The NFL Network reported Sunday evening that Cook is believed to have suffered a complete tear of his left ACL based on an initial diagnosis.
Zimmer and the rest of the Vikings sideline had heard the hushed silence that fell over US Bank Stadium after the moment when Cook’s knee gruesomely buckled after a 10-yard run, which caused the promising rookie to fumble, and, more significantly, provided yet another major medical blow for an offense that is already starting backup quarterback Case Keenum.
While Keenum and the rest of the Vikings offense struggled on Sunday — committing three turnovers and blowing multiple opportunities late in the fourth quarter at potential game-tying drives — there is no word on when starting quarterback Sam Bradford might be back in the fold. Bradford hasn’t played since injuring his knee in a Week 1 win over New Orleans, and the team reportedly doesn’t expect to have former starter Teddy Bridgewater back until at least the middle stages of the season, either.
The image of Cook clutching his knee was somewhat reminiscent of Bridgewater suffering a torn ACL in his left knee during a preseason practice in August 2016, which came after he had led the Vikings to their first division title since 2009.
Cook, the Florida State rookie who had established himself as the team’s feature back through the first three weeks of the season, continued to endear himself with his new fan base near the end of the first half, when he gave the Vikings a 7-3 lead with an easy six-yard touchdown run. Nicknamed “Chef Cook,” he celebrated by holding his arms out as if they were a kettle, and his teammates acted as if they were pouring in imaginary ingredients.
It was a feel-good moment for an offense that seemed to be coming together for a second straight week. The unit had weathered the Bradford injury and ranked second in the NFL in total yards after last week’s 34-17 win over Tampa Bay, when Keenum threw for 369 yards and three touchdowns and Cook ran for 97 yards and a touchdown on 27 attempts.
But Cook’s injury changed the complexion of Sunday’s game for Minnesota’s offense, which never looked the same after he went down. His fumble on the play led to a go-ahead touchdown for Detroit, which was able to hold Minnesota’s dynamic wide receiver tandem of Stefon Diggs (five catches, 98 yards) and Adam Thielen (five catches, 59 yards), largely in check.
Keenum finished just 16 for 30 for 216 yards, while Cook’s replacement, Latavius Murray, struggled as well, rushing for just 21 yards on seven carries.

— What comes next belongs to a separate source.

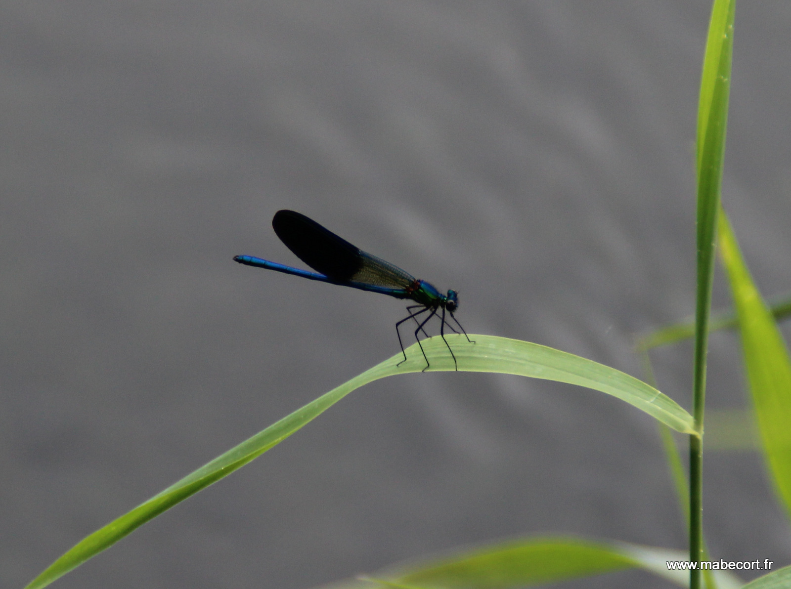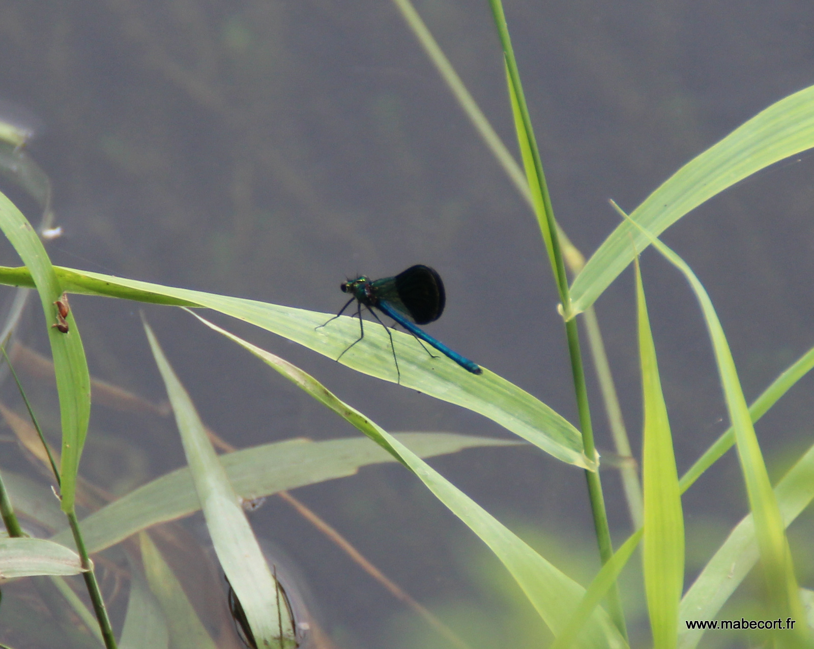 En revenant au CC par les bords de la Garonne, sur une herbe au dessus de l'eau, une libellule d'un très joli bleu, c'est une Calopteryx splendens.

“Dalvin’s a really explosive player,” said Zimmer, who personally met with Cook after the loss to encourage the injured rookie. “He has such great big-play ability. We’ll have to look at things differently. If you lose a guy like him, you lose a lot of firepower.”
Minnesota’s best chance to tie came with 2:19 left. The Vikings faced a third-and-goal from the Detroit 3-yard line. Keenum audibled the protection when Detroit broke the huddle. It was the wrong call and allowed Lions’ defensive end Anthony Zettel to break free and sack an indecisive Keenum.
“I got fooled,” said Keenum, who couldn’t convert on a throw on fourth and long. Still, his defense came up with a stop on the ensuing possession and Minnesota had one last shot to tie after taking over at its 44-yard line with just under two minutes to play. But Thielen fumbled on the first play after hauling in an 11-yard catch.
Unlike last week after the win over the Buccaneers, which had affirmed the promise of Minnesota’s offense, the locker room was somber and on edge. On Sunday, there was only uncertainty surrounding the status of Cook and the potential return of Bradford, although Keenum said he didn’t know when that might be.
Thielen didn’t dote on those possibilities, either. When he was asked about the emotional swings of the season, he simply said: “It’s a week to week league and you have to bring your best each week. Otherwise you’ll have turnouts like tonight.”